== Assignment ==
Repeat only the lines from the one containing "T + 화이트 스커트" to the final line below, exactly as they read, and leave every picture out.

== Source data ==
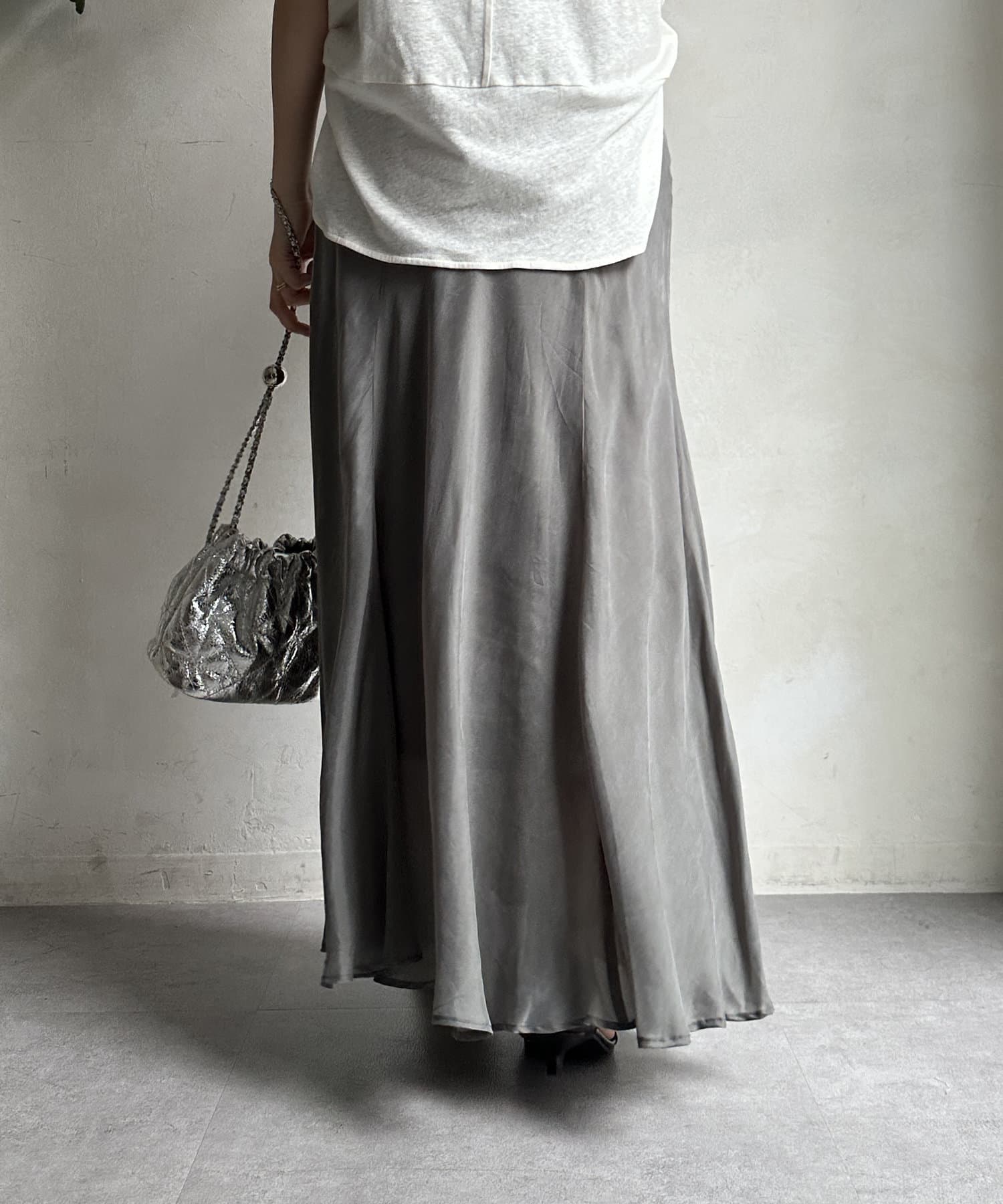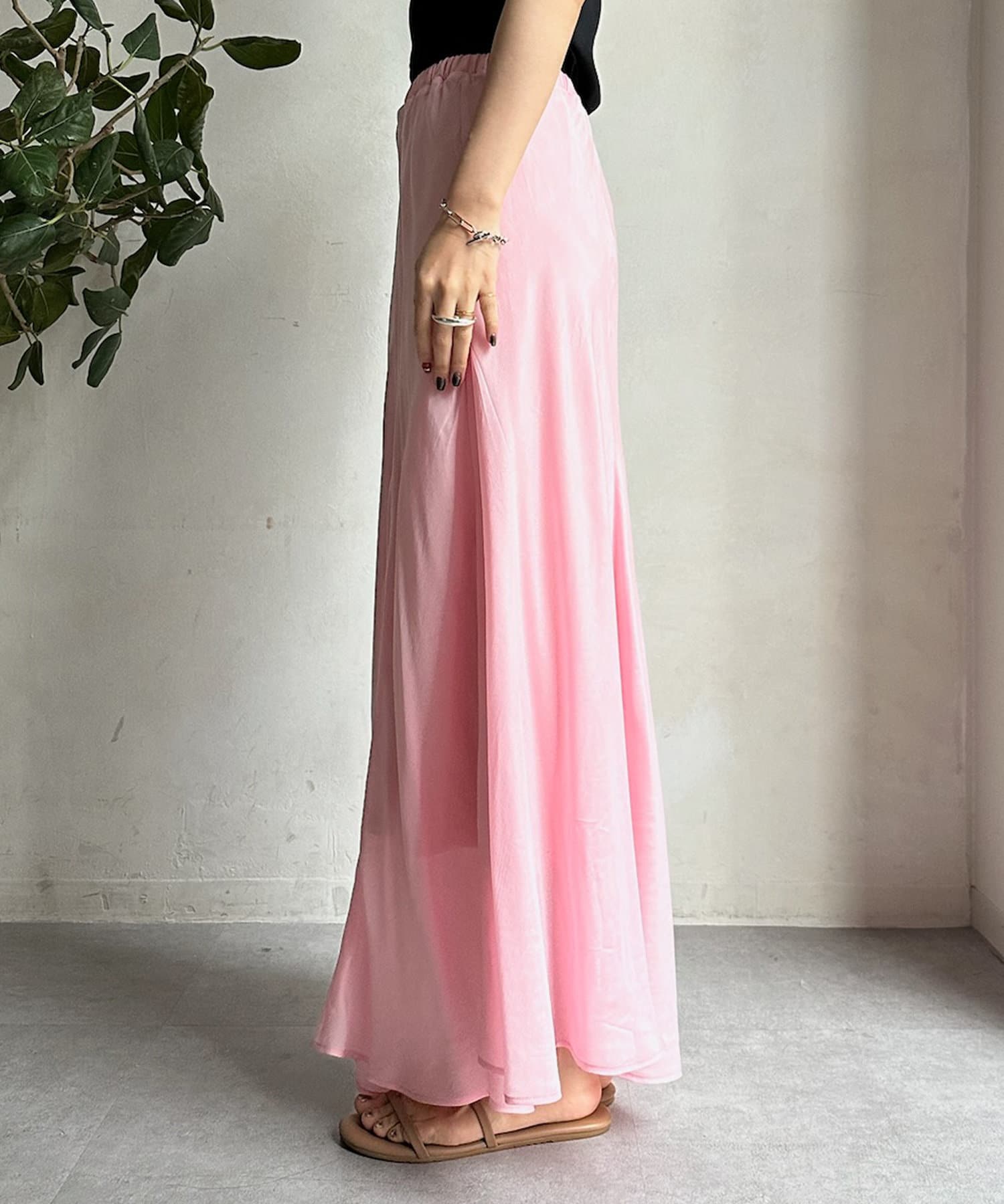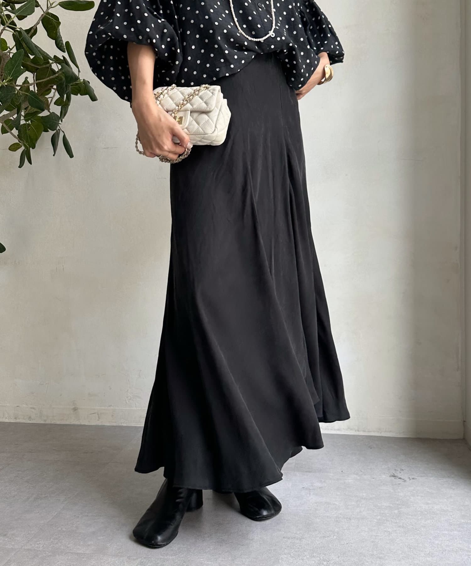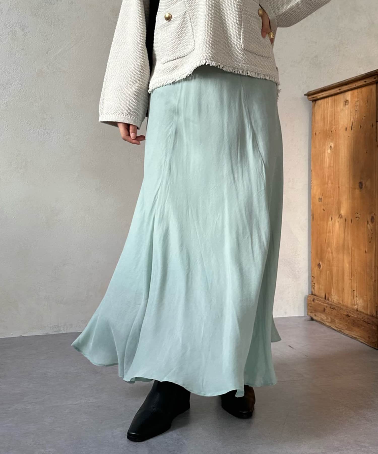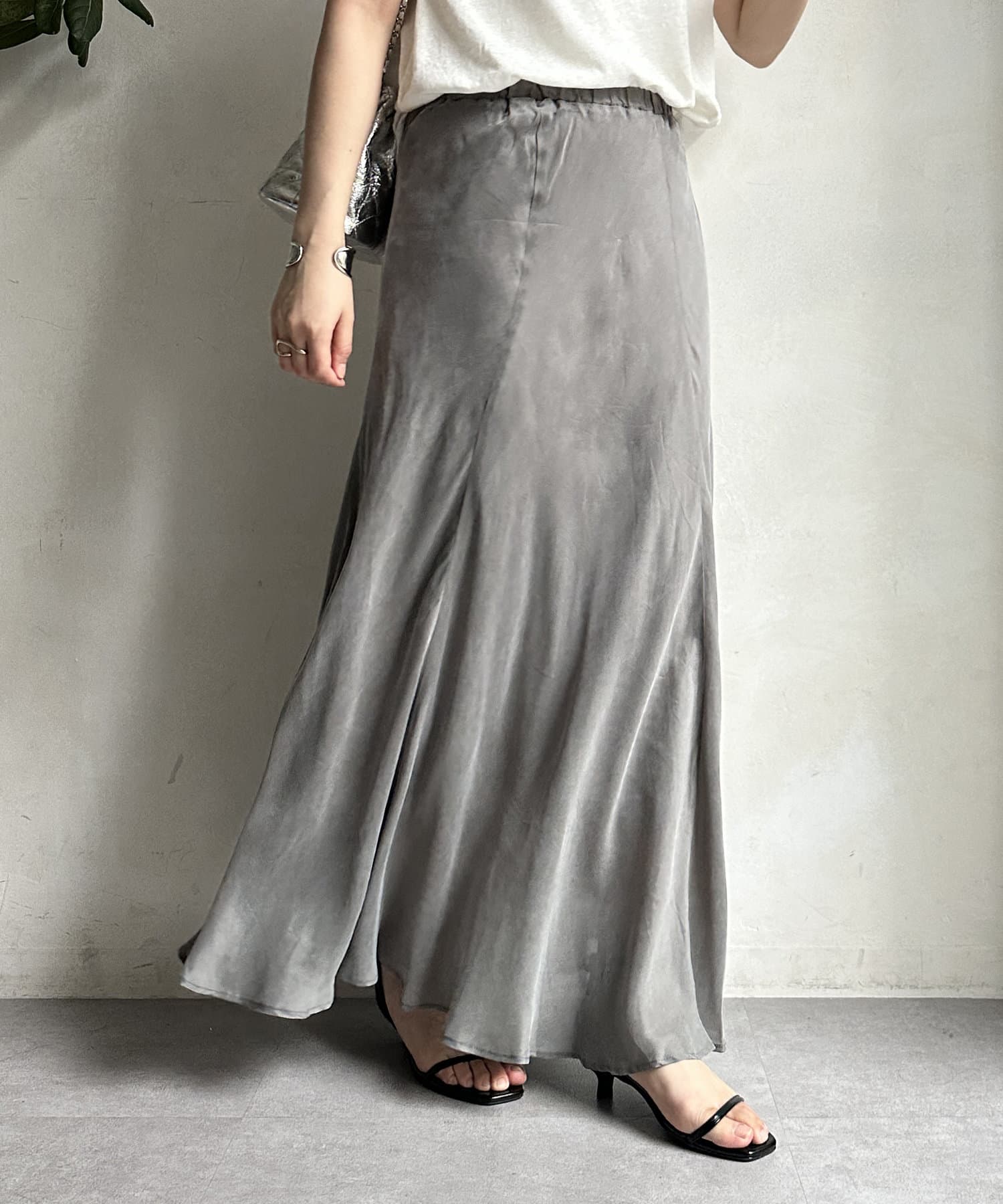 とろみのあるキュプラ100%素材が、きれい見えしてくれるポイントです。また、生地を斜めに裁断するバイヤスカットを採用することで、しなやかな落ち感のシルエットを演出。
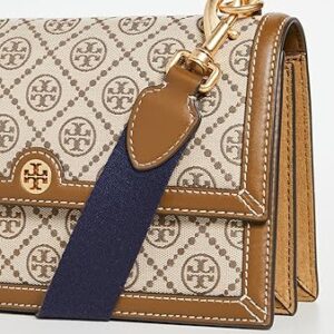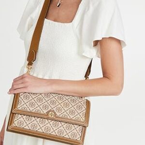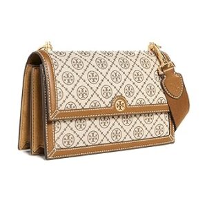 Tory Burch Women’s T Monogram Jacquard Shoulder Bag, Hazel, Tan, Graphic, One Size Features: Adjustable, Two Removable Web Shoulder straps, Flap top with snap closure. Interior Details: Center Zip Divides Interior; Two Slip Pockets, Four Card Slots, Easy-To-Clean Microsuede Lining Approximate Measurements: 6.6″H x 10.8″ W x 3.6″D.
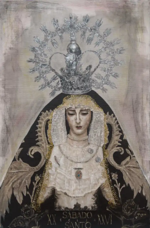 En otro punto de la ciudad, también el sábado, se presentaba el cartel del Viernes Santo, de la Hermandad de la Piedad, en la iglesia conventual de la Merced, una obra realizada en este caso por Javier Riego, quien también recoge la imagen del paso de palio, en este caso de la Virgen de la Piedad, a su paso por la calle Fernández Pintado.
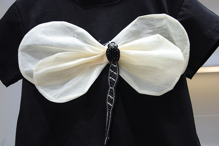 • 블랙 블랙 리본 T + 화이트 스커트
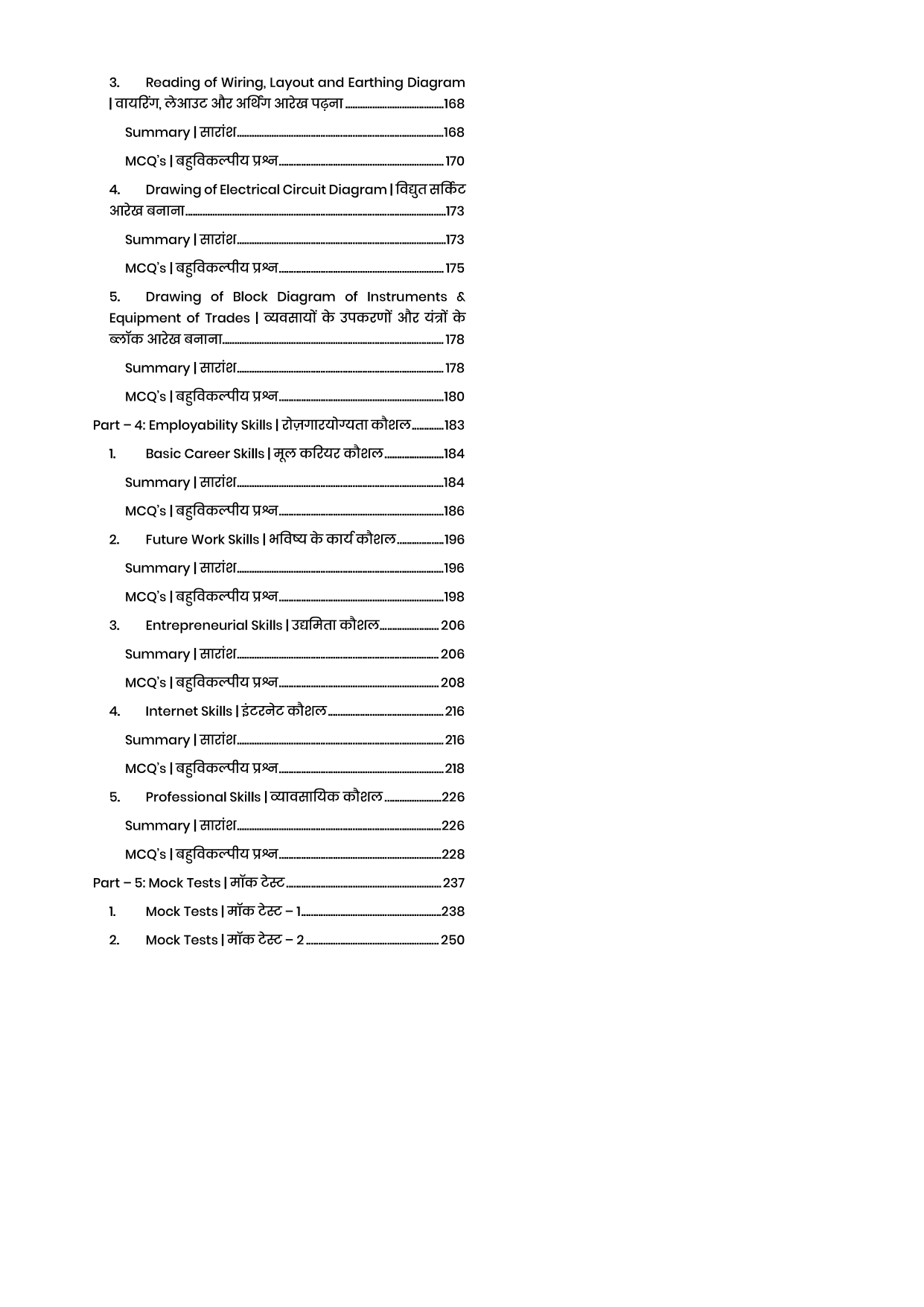 यह पुस्तक आईटीआई छात्रों के साथ-साथ प्रतियोगी परीक्षाओं जैसे आरआरबी एएलपी, आरआरबी जेई, डीआरडीओ, इसरो, भेल, एनटीपीसी, एनपीसीआईएल, एनसीएल, सीसीएल, बीसीसीएल, एसईसीएल, डब्ल्यूसीएल, सीपीआरआई, एनएचपीसी, ओएनजीसी, आईओसीएल, सेल, एसएससी जेई, एमईएस, सीपीडब्ल्यूडी, पीडब्ल्यूडी और राज्य विद्युत बोर्ड परीक्षाओं के लिए भी उपयोगी है।

== Written solution ==
 • 블랙 블랙 리본 T + 화이트 스커트
 यह पुस्तक आईटीआई छात्रों के साथ-साथ प्रतियोगी परीक्षाओं जैसे आरआरबी एएलपी, आरआरबी जेई, डीआरडीओ, इसरो, भेल, एनटीपीसी, एनपीसीआईएल, एनसीएल, सीसीएल, बीसीसीएल, एसईसीएल, डब्ल्यूसीएल, सीपीआरआई, एनएचपीसी, ओएनजीसी, आईओसीएल, सेल, एसएससी जेई, एमईएस, सीपीडब्ल्यूडी, पीडब्ल्यूडी और राज्य विद्युत बोर्ड परीक्षाओं के लिए भी उपयोगी है।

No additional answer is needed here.